Fundamentally, USD took a hit from the US Advance GDP which reported a -0.9% drop compared to a 0.4% growth expected. Today, the Japanese economic data is mixed. The Retail Sales indicator reported a 1.5% growth versus the forecast figure of 2.8%, the Prelim Industrial Production surged by 8.9% versus 4.3%. The unemployment rate remained steady at 2.6% even if traders expected a potential drop to 2.5%. The Tokyo Core CPI rose by 2.3% exceeding the 2.2% growth forecasted.
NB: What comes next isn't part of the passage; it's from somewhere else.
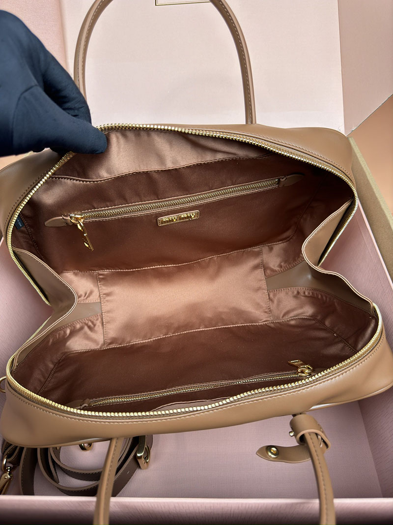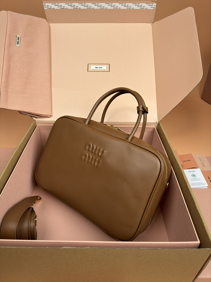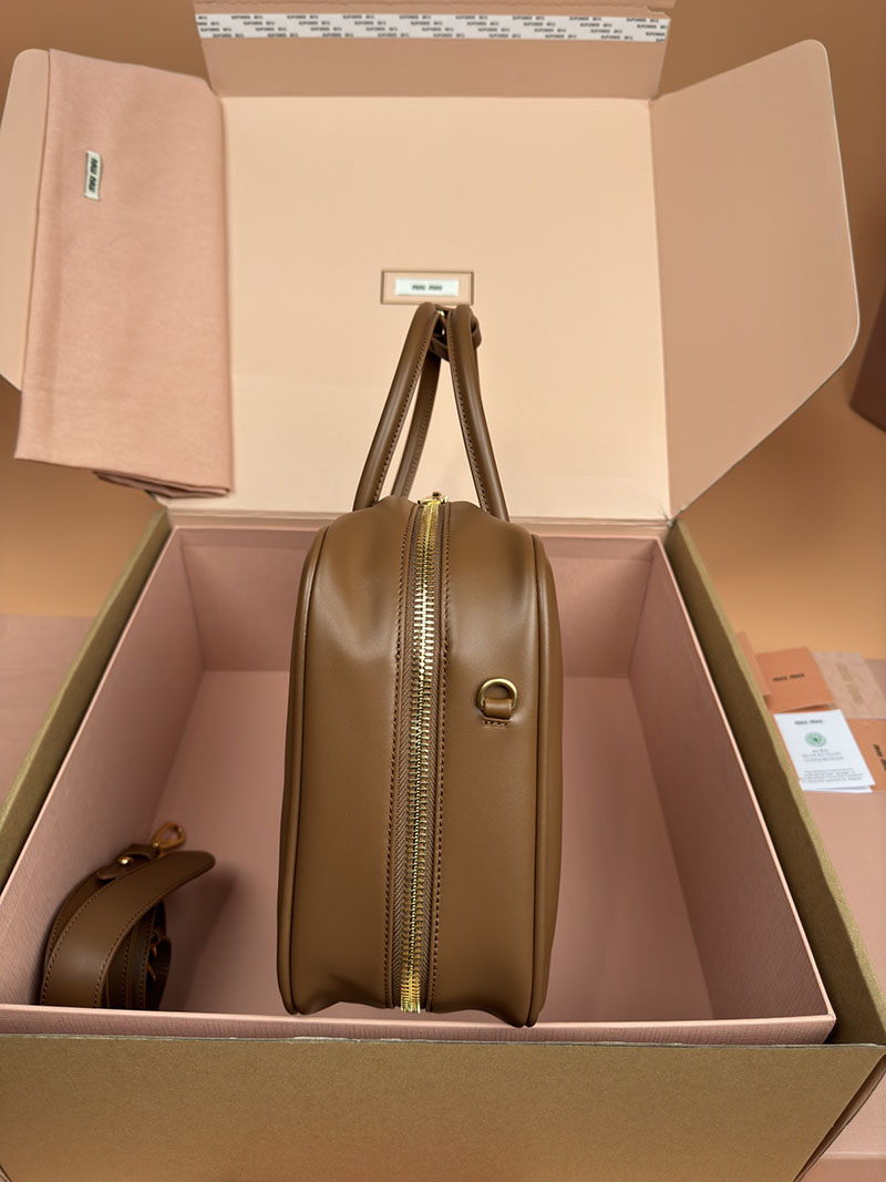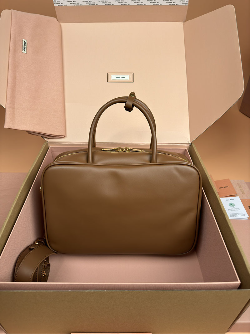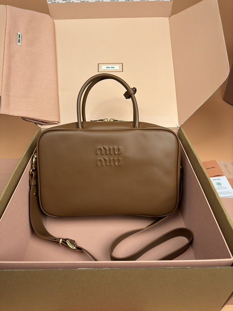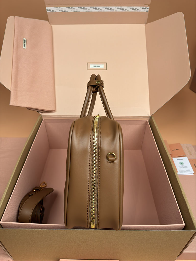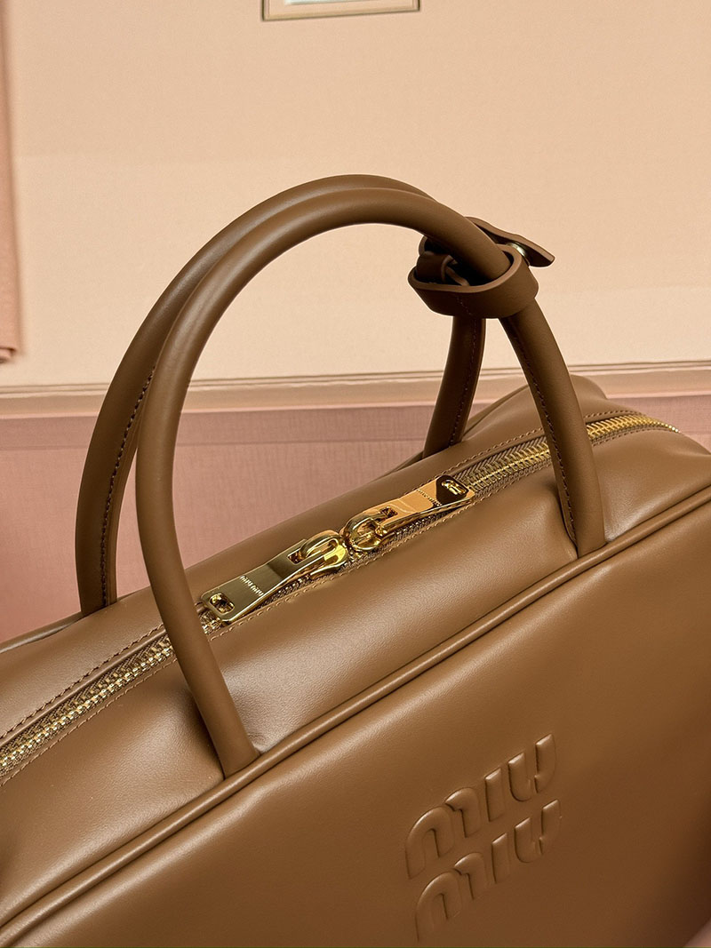 MiuMiu コーデュロイ トップハンドル ボー バッグ ブラウン 5BB163_2F81_F0316_V_OOO ゴールド金具 miumiu バッグ モコモコ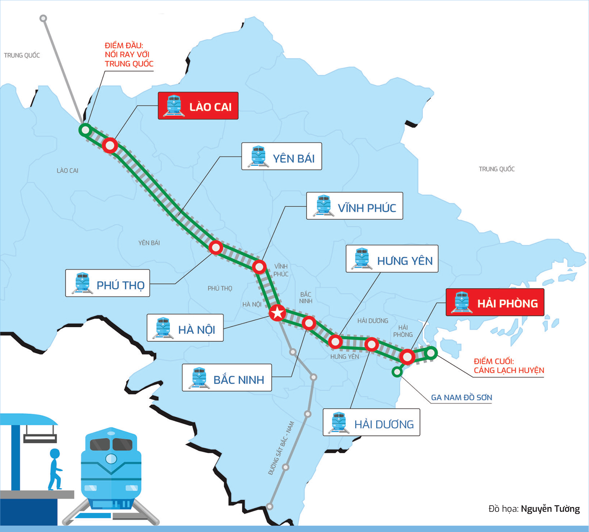 Tuyến đường sắt Lào Cai - Hà Nội - Hải Phòng có tổng chiều dài tuyến chính khoảng 390,9 km, tuyến nhánh khoảng 27,9 km, đường đơn khổ 1.435 mm, tốc độ thiết kế đối với tuyến chính là 160 km/h, vận chuyển chung hành khách và hàng hóa.

Later, the Housing Starts and the Consumer Confidence indicators will be released as well. USD could be saved only by better than expected US figures. Core PCE Price Index, Revised UoM Consumer Sentiment, Personal Spending, Personal Income, and the Chicago PMI could change the sentiment.
USD/JPY Massive Sell-Off
As you can see on the H1 chart, USD/JPY dropped after retesting 135.56. I told you in yesterday's analysis that the pair could extend its sell-off as long as it stays under this level and after sliding below 135.23.
Now, it has stabilized below the descending pitchfork's median line (ml) which represented a downside obstacle. It has ignored the weekly S2 (133.52) signaling a further drop.
Failing to stay above the median line (ml) and dropping below the 134.19 level signaled more declines. This was seen as a short opportunity. Now, personally, I'll wait for the price to rebound before trying to go short again. It could come back to test and retest the S2 (133.52) or the median line (ml) before dropping deeper.
A rebound could bring new selling opportunities with a potential downside target at the lower median line (lml). The bias remains bearish as long as it stays under the median line (ml).